| Records supplied |
──────
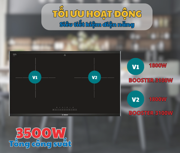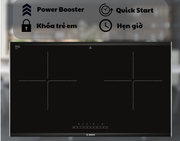 - Bếp từ Bosch có tổng công suất 2800W, trang bị tính năng Booster làm nóng nhanh.
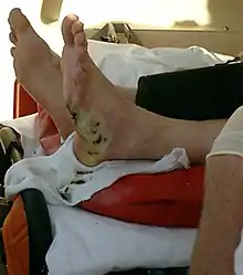 | Lightning injury caused by a nearby lightning strike. The slight branching redness (sometimes called a Lichtenberg figure) travelling up the leg was caused by the effects of current. | |
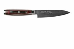 Le couteau universel Xin Cutlery XinCare noir et rouge est un couteau de cuisine japonais élégant. Ce couteau universel a une lame de 18 cm de long et ressemble presque à un petit couteau de chef. Pourtant c’est bien un couteau universel. Sa lame bien tranchante et sa pointe acérée en font un couteau idéal pour les petites coupes précises, pour les gousses d’ail ou les herbes, mais également pour couper de petits morceaux de légumes et de viande.
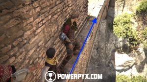 Inside the building is also a tool chest with upgrade materials. Go back to the main path and up the ledge. As you keep going up, flank the rocks and you should spot a hidden ledge. Climb up here and you’ll find Secret Chest #7. If you don’t have a knife, you can replay the Chapter later via Chapter Select to get the Knife where Secret Chest #6 was, it still counts for the trophy when you get it via Chapter Select.
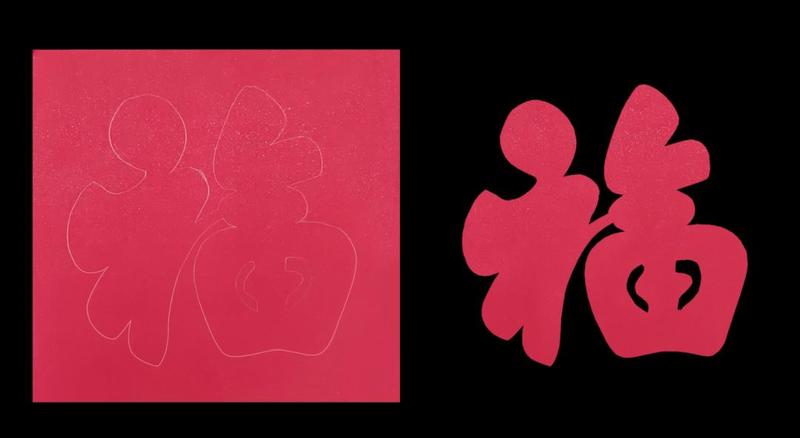 3、展开成品,简易版福字。沿着福字图案剪下来,然后翻转红字,一幅吉祥窗花“福”字图就出现了。
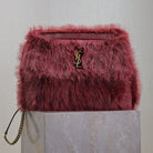 NIKI LARGE 32 IN CURRANT RED RABBIT FUR GOLD HARDWARE
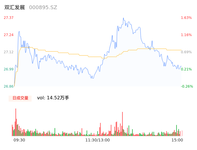 04月16日,双汇发展收报27.01,股价涨幅0.30%,成交金额3.94亿元,换手率0.42%。
──────
| Prompt |
An exact printout of the entries is wanted, covering the first line through the line holding "current. | |", with pictures kept out of it.

| Answer space |
 - Bếp từ Bosch có tổng công suất 2800W, trang bị tính năng Booster làm nóng nhanh.
 | Lightning injury caused by a nearby lightning strike. The slight branching redness (sometimes called a Lichtenberg figure) travelling up the leg was caused by the effects of current. | |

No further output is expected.